Amir M, Agarwal H K
Department of Pharmaceutical Chemistry, Faculty of Pharmacy, Hamdard University, New Delhi, India.
Pharmazie. 2005 Aug;60(8):563-70.
Cyclooxygenase-2 (COX-2) is an enzyme induced by inflammatory and mitogenic stimuli and results in enhanced synthesis of PGs in inflamed and neoplastic tissues. It is associated with cell proliferation and growth, in various cancerous conditions. We review the potential mechanisms of cancer reduction with COX-2 inhibitors and the preclinical evidence suggesting their effectiveness. Results of our study show that COX-2 is a regulatory factor for a number of pathways that can result in cancer. COX-2 makes cells resistant to apoptosis and promote angiogenesis, metastasis and cancer cell cycle by controlling number of targets. We found that, COX-2 selective inhibitors (like celecoxib and NS-398) can suppress the cancer both by COX-2 dependent and COX-2 independent pathways. COX-2 inhibitors can also produce synergic effects when used with other anti-cancer therapies. Thus, it is concluded that COX-2 selective inhibitors may be promising agents for prevention and treatment of cancer.

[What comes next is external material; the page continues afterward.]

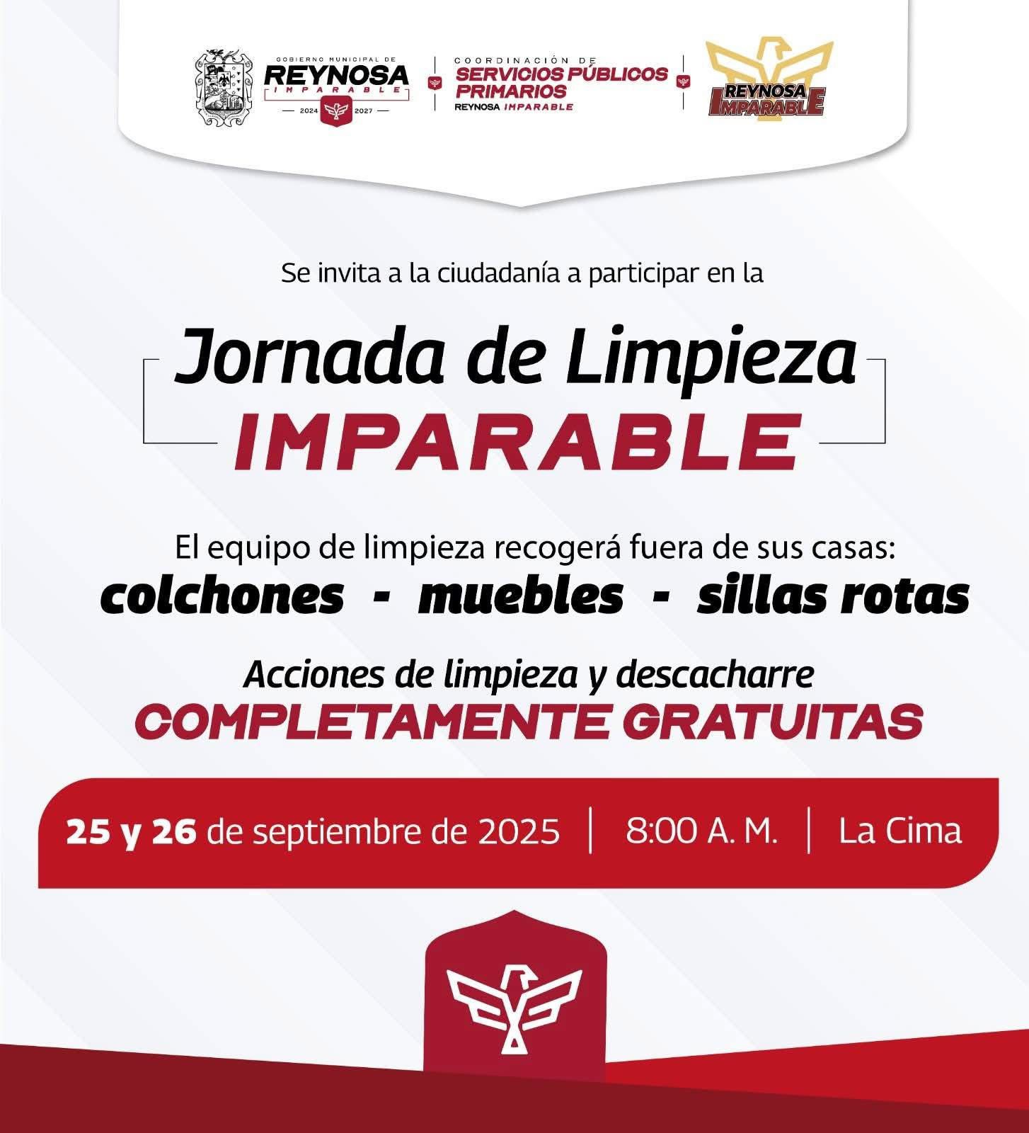 El Gobierno de #Reynosa que encabeza Carlos Peña Ortiz invita a todos los vecinos de la colonia La Cima a sumarse al Programa de Limpieza “Reynosa Imparable”.

环氧化酶-2(COX-2)是一种由炎症和促有丝分裂刺激诱导产生的酶,可导致炎症组织和肿瘤组织中前列腺素(PGs)的合成增加。在各种癌症情况下,它与细胞增殖和生长相关。我们综述了COX-2抑制剂降低癌症风险的潜在机制以及提示其有效性的临床前证据。我们的研究结果表明,COX-2是许多可导致癌症的信号通路的调节因子。COX-2通过控制多个靶点,使细胞对凋亡产生抗性,并促进血管生成、转移和癌细胞周期。我们发现,COX-2选择性抑制剂(如塞来昔布和NS-398)可通过COX-2依赖性和COX-2非依赖性途径抑制癌症。COX-2抑制剂与其他抗癌疗法联合使用时也可产生协同效应。因此,得出结论,COX-2选择性抑制剂可能是预防和治疗癌症的有前景的药物。